Diğer yandan korku aslında tartışma götürmez biçimde bir duygu. Hüzün, gurur, utanç, neşe, öfke ya da heyecan gibi bir duygu. Bir duyguyu geçirmek her zaman iyi fikir midir peki? Şimdi kısaca “Duygu niye var?” sorusuna yanıt bulmaya çalışalım, sonra korkuya, oradan da deprem korkusuna geçeceğiz…
Duygu elbette insana özgü bir fenomen değil. En azından memelilerin hepsi ve omurgalıların da bir kısmı duyguya sahipler. Hatta Charles Darwin “The Expression Of Emotion In Man And Animals” isimli kitabında türler arasında duygu ifadelerini karşılaştırmıştır.
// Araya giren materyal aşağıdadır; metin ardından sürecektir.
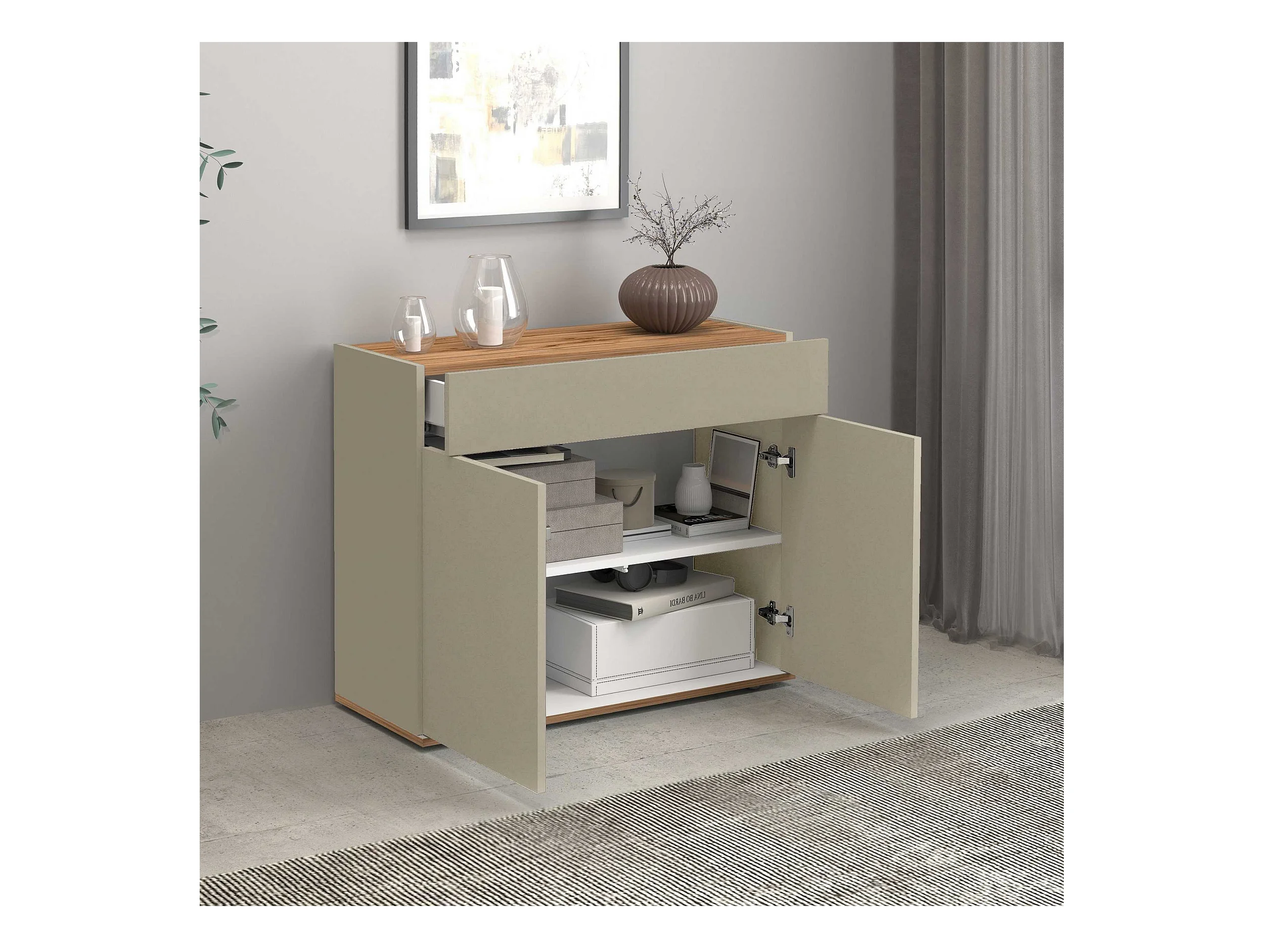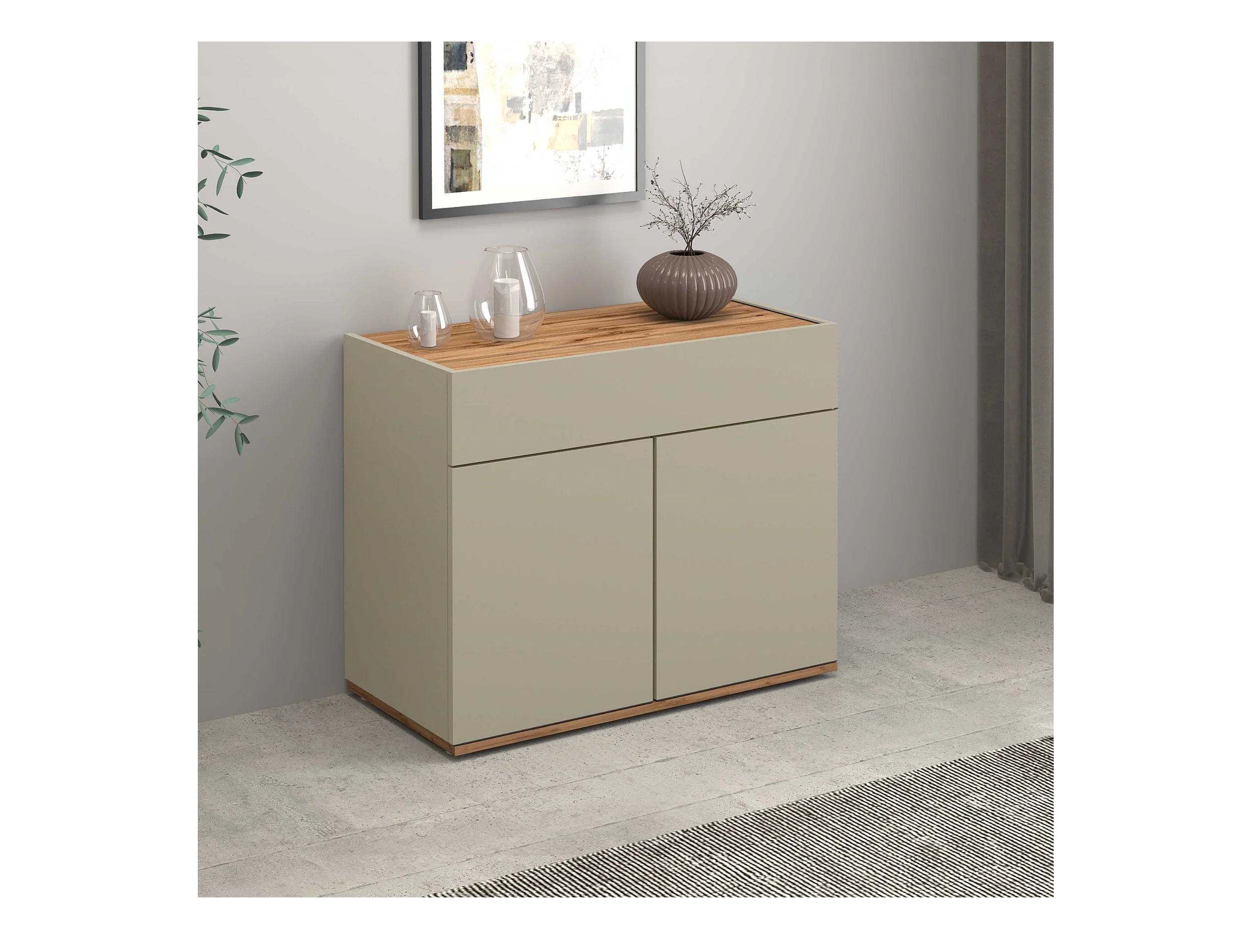 Credenza Garda 2 ante e 1 cassetto tortora opaco e rovere 80,9x35x70 cm

Artık duygunun aralarında algı, dikkat, bellek, motivasyonel öncelikler, iletişim ve ifade, refleksler, enerji, beden fizyolojisi ve davranış gibi çok sayıda çıktıyı, “paket halinde” düzenleyen bir fenomen olduğunu biliyoruz (1). Cep telefonlarınızdaki “modları” düşünün. Mesela uçak modunda telefon şebekesi bağlantınız, wi-fi bağlantınız, bluetooth bağlantınız ve radyo bağlantınız kesiliyor ama kayıtlı bulunan fotoğraflarınıza bakabilir ve müzik dinleyebilirsiniz. Bu modun amacı bu işlevleri teker teker ayarlamak zorunda kalmamanız. Duygular için de “Pek çok zihinsel ve bedensel durumu düzenleyen modlar” diyebiliriz.
Korku bu düzenlemenin oldukça belirgin olduğu duygulardan birisidir. Özellikle bedensel (fizyolojik) değişikliklerden zengindir. Bir köpek tarafından kovalandığı için çok korkan bir çocuğu gözümüzün önüne getirelim. İlk bakışta gözleri kocaman açılmış, harcadığı bedensel eforla orantısız biçimde derin derin soluk alıp veren, burun kanatları açılmış, kan şekeri yükselmiş, çarpıntı yaşayan, titreyen, aklı fikri o köpekte olduğu için söylediğinizi anlayamayan hatta duyamayan, köpeğin olduğu yerden küçücük bir ses gelse irkilen bir halde olacaktır muhtemelen. Korku duygusu yukarıda bahsedilen düzenlemeyi gerçekleştirmiştir.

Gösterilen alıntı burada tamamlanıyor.